◆ **WHAT IS EXPECTED**:
Your copy should begin with the line containing "Xcode 现在可以显示关于", end with the line containing "Sakura’s four-passenger interior", match the listing below exactly, and contain no pictures.

──────── SOURCE MATERIAL ────────

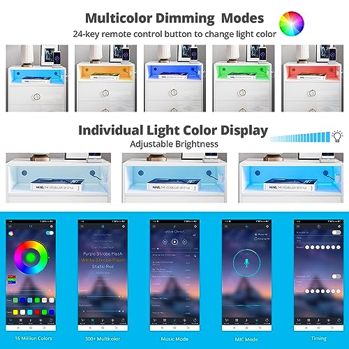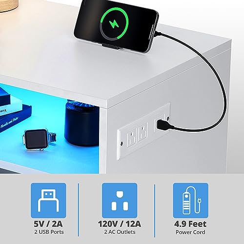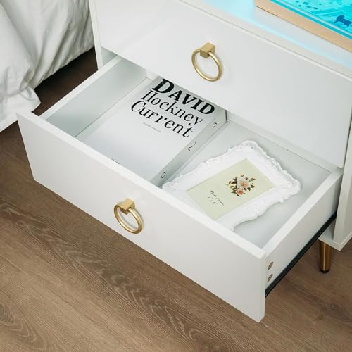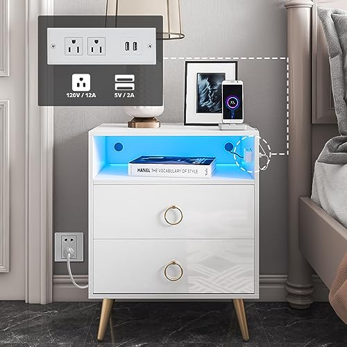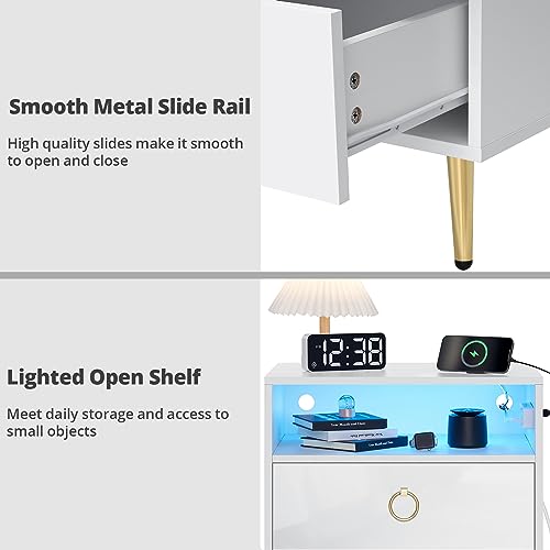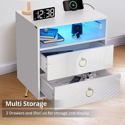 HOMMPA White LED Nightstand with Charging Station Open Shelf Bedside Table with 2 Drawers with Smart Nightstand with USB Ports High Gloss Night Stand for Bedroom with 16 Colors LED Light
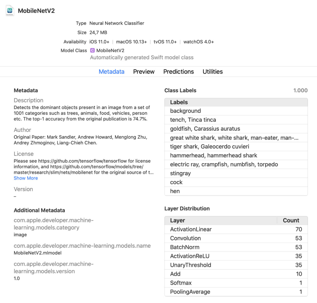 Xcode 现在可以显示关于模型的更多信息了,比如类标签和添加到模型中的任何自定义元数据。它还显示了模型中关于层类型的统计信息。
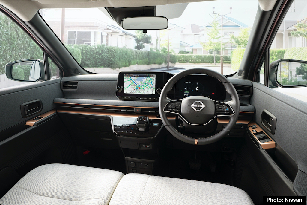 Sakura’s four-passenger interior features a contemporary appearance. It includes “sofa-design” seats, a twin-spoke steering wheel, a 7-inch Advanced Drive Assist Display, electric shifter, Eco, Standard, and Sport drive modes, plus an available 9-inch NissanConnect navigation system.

────────
──────── SOURCE MATERIAL ────────

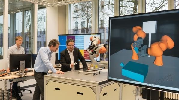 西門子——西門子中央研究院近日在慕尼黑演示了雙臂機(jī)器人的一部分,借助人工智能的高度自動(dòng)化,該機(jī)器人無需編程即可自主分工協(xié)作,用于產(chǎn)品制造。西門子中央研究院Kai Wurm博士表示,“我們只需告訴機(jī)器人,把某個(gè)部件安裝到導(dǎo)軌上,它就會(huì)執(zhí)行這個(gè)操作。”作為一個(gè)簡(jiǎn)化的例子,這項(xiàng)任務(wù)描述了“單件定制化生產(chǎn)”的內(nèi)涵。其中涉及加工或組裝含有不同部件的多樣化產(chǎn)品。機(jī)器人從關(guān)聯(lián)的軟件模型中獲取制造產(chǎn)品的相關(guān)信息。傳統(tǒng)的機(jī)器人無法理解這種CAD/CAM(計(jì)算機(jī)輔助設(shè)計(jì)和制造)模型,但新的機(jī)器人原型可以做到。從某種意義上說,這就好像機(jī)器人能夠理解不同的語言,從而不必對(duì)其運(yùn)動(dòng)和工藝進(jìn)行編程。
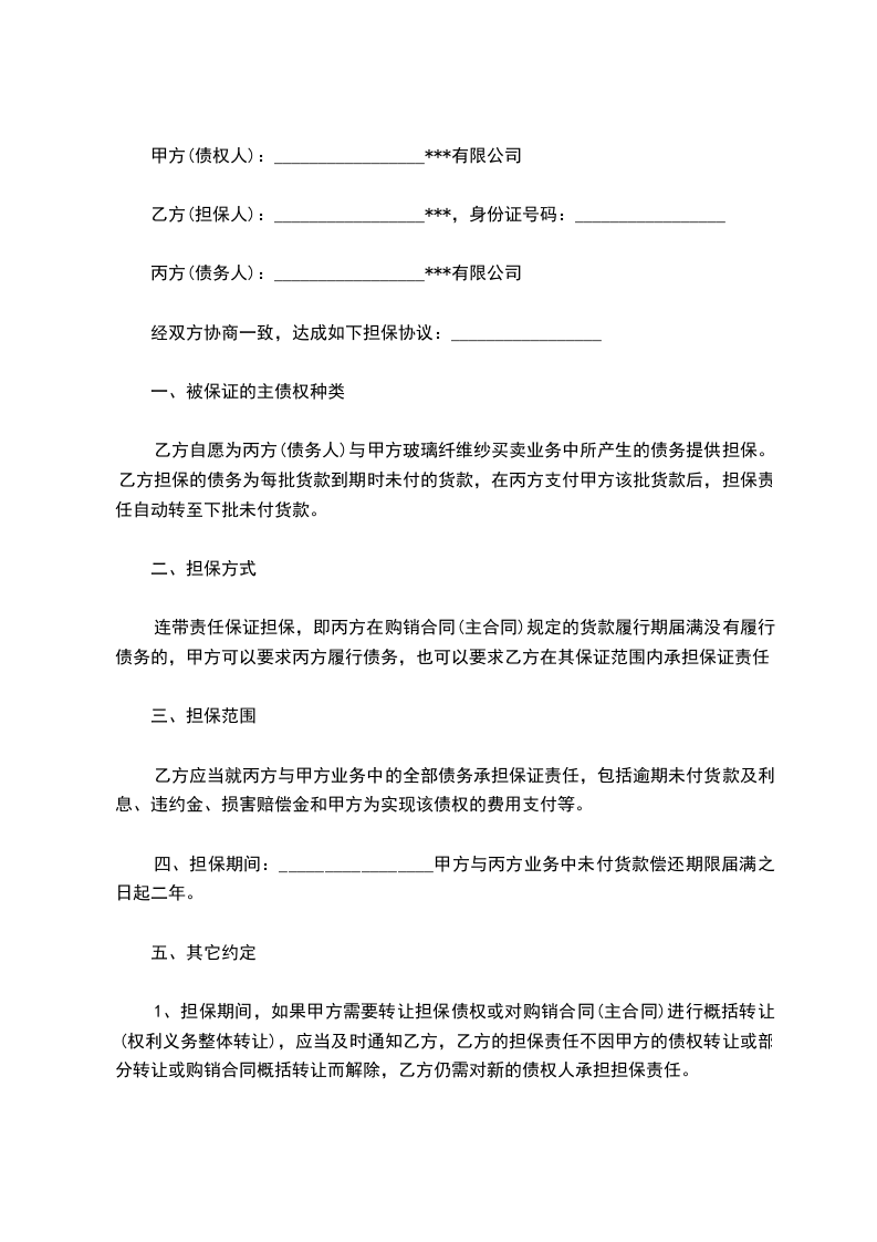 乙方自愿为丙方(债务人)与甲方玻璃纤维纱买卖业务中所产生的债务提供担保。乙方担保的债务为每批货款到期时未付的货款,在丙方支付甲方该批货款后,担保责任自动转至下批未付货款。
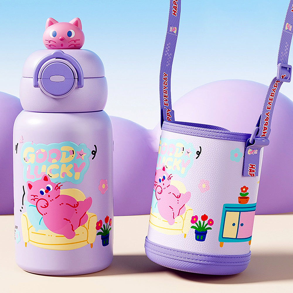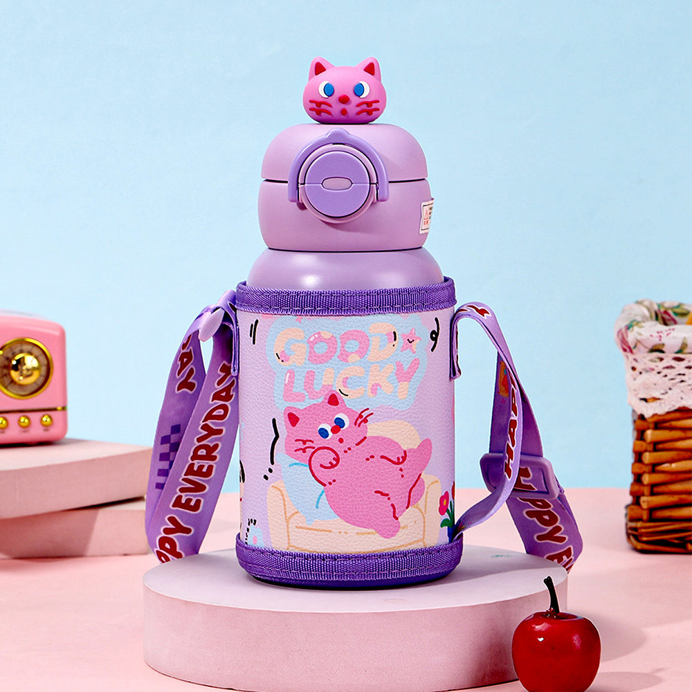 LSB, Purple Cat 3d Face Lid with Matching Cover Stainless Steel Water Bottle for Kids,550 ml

────────
──────── SOURCE MATERIAL ────────

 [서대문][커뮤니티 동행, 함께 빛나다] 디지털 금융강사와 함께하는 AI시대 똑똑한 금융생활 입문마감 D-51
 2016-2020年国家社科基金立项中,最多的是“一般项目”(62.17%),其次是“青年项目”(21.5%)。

────────

◆ **TASK OUTPUT**:
 Xcode 现在可以显示关于模型的更多信息了,比如类标签和添加到模型中的任何自定义元数据。它还显示了模型中关于层类型的统计信息。
 Sakura’s four-passenger interior features a contemporary appearance. It includes “sofa-design” seats, a twin-spoke steering wheel, a 7-inch Advanced Drive Assist Display, electric shifter, Eco, Standard, and Sport drive modes, plus an available 9-inch NissanConnect navigation system.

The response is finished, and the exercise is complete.